Hodgeville School is a public K-12 school in Hodgeville, Saskatchewan in Canada.

== History ==
When founded in 1917, Hodgeville school was a one-room school house one mile out of the village. Later, the school house was moved into town. The First year High School, which included Grade 8, was open was 1963 and the Hodgeville elementary school was opened in 1966.

In 1987, there was concern that the school would close due to the agricultural economic decline in the 1980s: "A few stores and garages are still open amid the boarded- up buildings on Main Street, but the only vibrant spot in Hodgeville is the school where the local farmers send their children.
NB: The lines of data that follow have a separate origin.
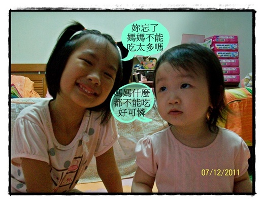 現在我深深的體會那種想吃卻要不能吃的感受,呵!不過我也知道大女兒是為我好,大女兒說:「我不希望媽媽太早死掉」。看來我的身體欠佳,也帶給才僅七歲的大女兒不少壓力吧!
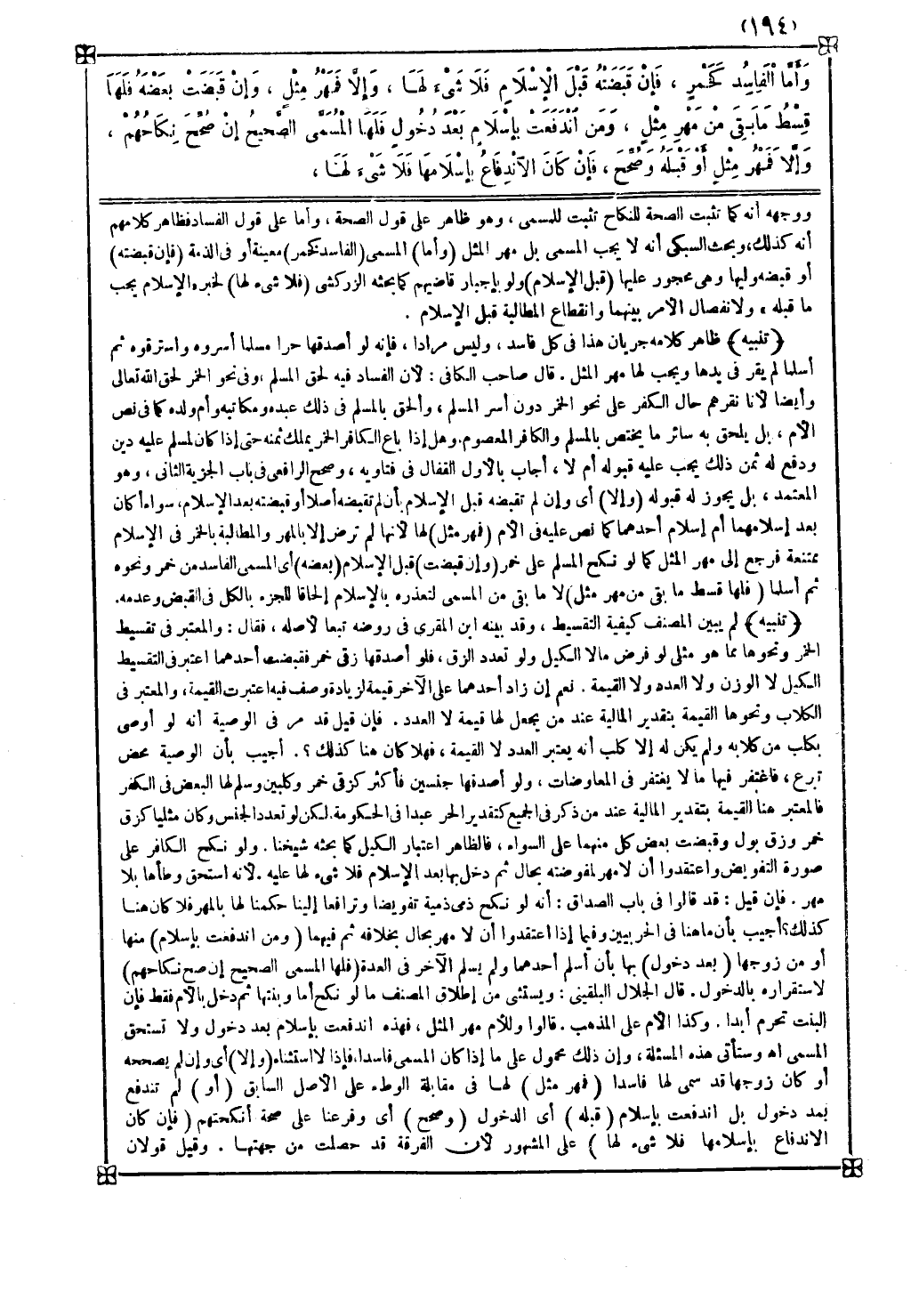 ( وأما ) المسمى ( الفاسد كخمر ) معينة أو في الذمة ( فإن قبضته ) أو قبضه وليها وهي محجور عليها ( قبل الإسلام ) ولو بإجبار قاضيهم كما بحثه الزركشي ( فلا شيء لها ) لخبر الإسلام يجب ما قبله ولانفصال الأمر بينهما وانقطاع المطالبة قبل الإسلام
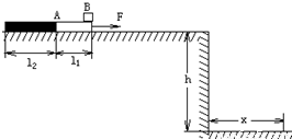 如图所示,在高出水平地面h=1.8m的光滑平台上放置一质量M=2kg、由两种不同材料连接成一体的薄板A,其右段长度l1=0.2m且表面光滑,左段表面粗糙。在A最右端放有可视为质点的物块B,其质量m=1kg。B与A左段间动摩擦因数μ=0.4。开始时二者均静止,现对A施加F=20N水平向右的恒力,待B脱离A(A尚未露出平台)后,将A取走。B离开平台后的落地点与平台右边缘的水平距离x=1.2m。(取g=10m/s2)求:
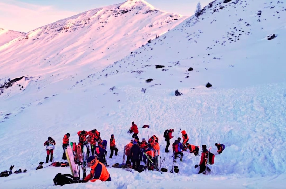 Á myndini omanfyri síggjast bjargingarfólk leita eftir saknaðum í skalvalopunum.
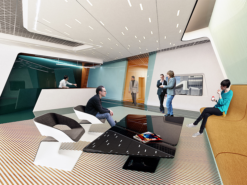 Концепция подразумевает создание динамического интерьер для динамично развивающейся компании. Световые линии, диагонали и угловатые формы оживляют интерьер. Бесшовные материалы, глянцевые поверхности с плавными изгибами задают современный тон. Цвет и фактура подобраны таким образом, чтобы создать контраст между «искусственным» и «естественным». Среди прохладных масс искусственного полированного камня встречается теплая фактура дерева, мягкая тканевая обивка на диванах – эти элементы уравновешивают интерьер.

Once that goes, I can't see the town surviving." Hodgeville was home to two schools until 2002, when the Elementary School underwent renovations. In 2004 grades 7-12 moved over to the Elementary school, and it became "Hodgeville School".

== Sports Teams and Mascot ==
The sports at Hodgeville include volleyball, badminton, cross country running, golf, curling and track and field. The Coyote is the school mascot.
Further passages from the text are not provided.